═════ DATA PROVIDED ═════

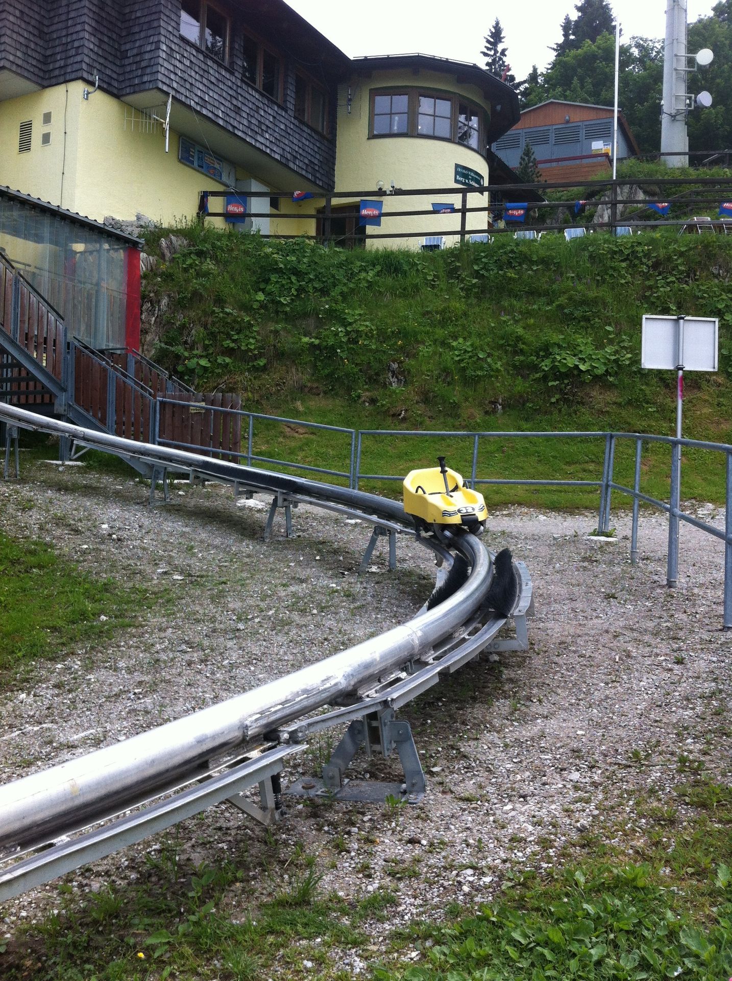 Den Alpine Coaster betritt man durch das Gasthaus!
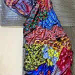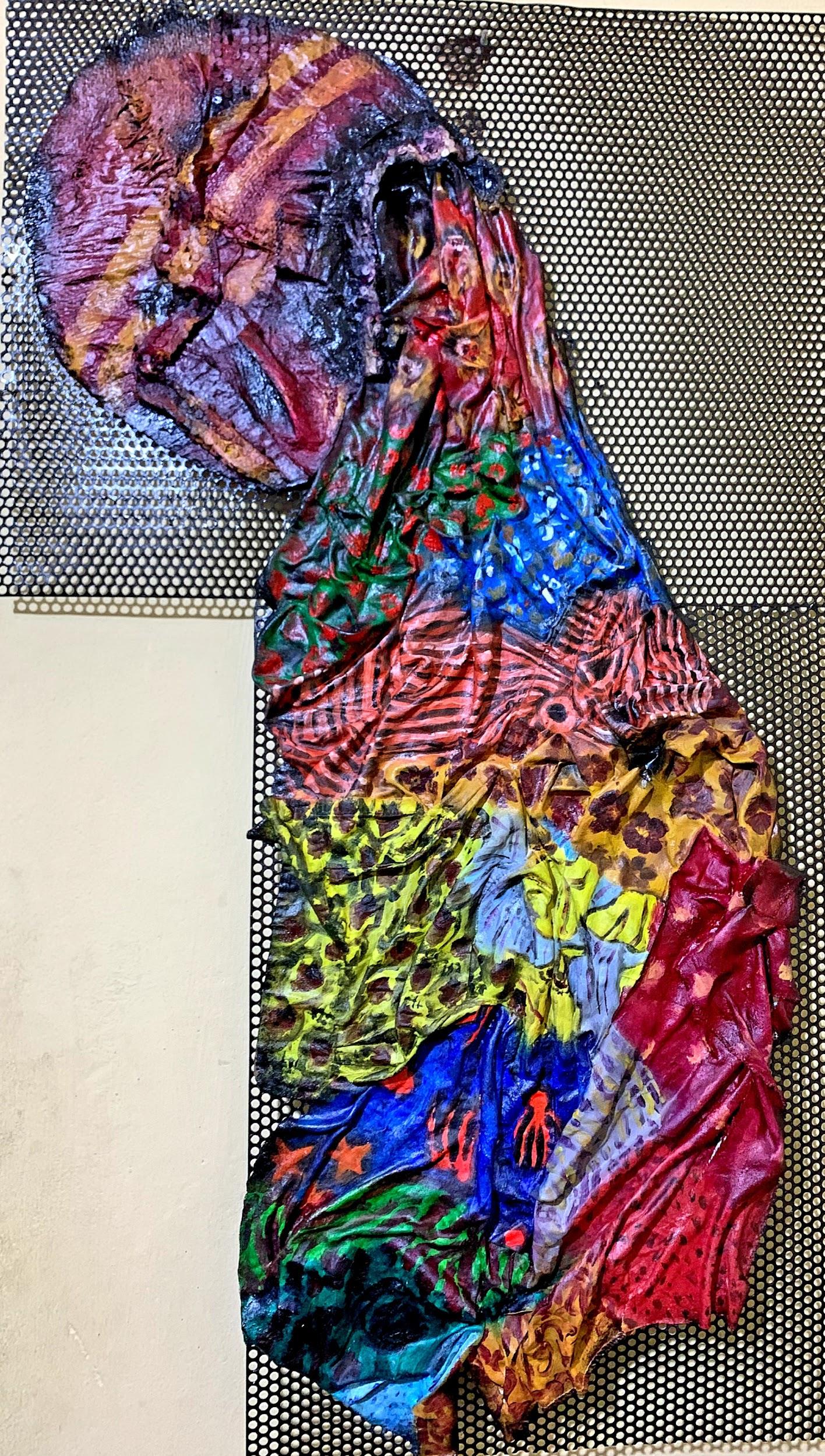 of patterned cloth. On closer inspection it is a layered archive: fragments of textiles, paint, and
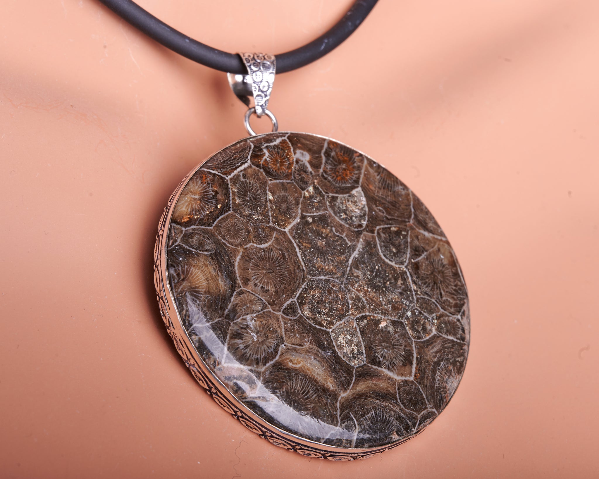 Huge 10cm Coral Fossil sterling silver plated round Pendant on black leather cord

═════

▶ _AIM OF THE EXERCISE_:
Print the listing exactly, but skip its pictures.

▶ _TASK ANSWER_:
 Den Alpine Coaster betritt man durch das Gasthaus!
 of patterned cloth. On closer inspection it is a layered archive: fragments of textiles, paint, and
 Huge 10cm Coral Fossil sterling silver plated round Pendant on black leather cord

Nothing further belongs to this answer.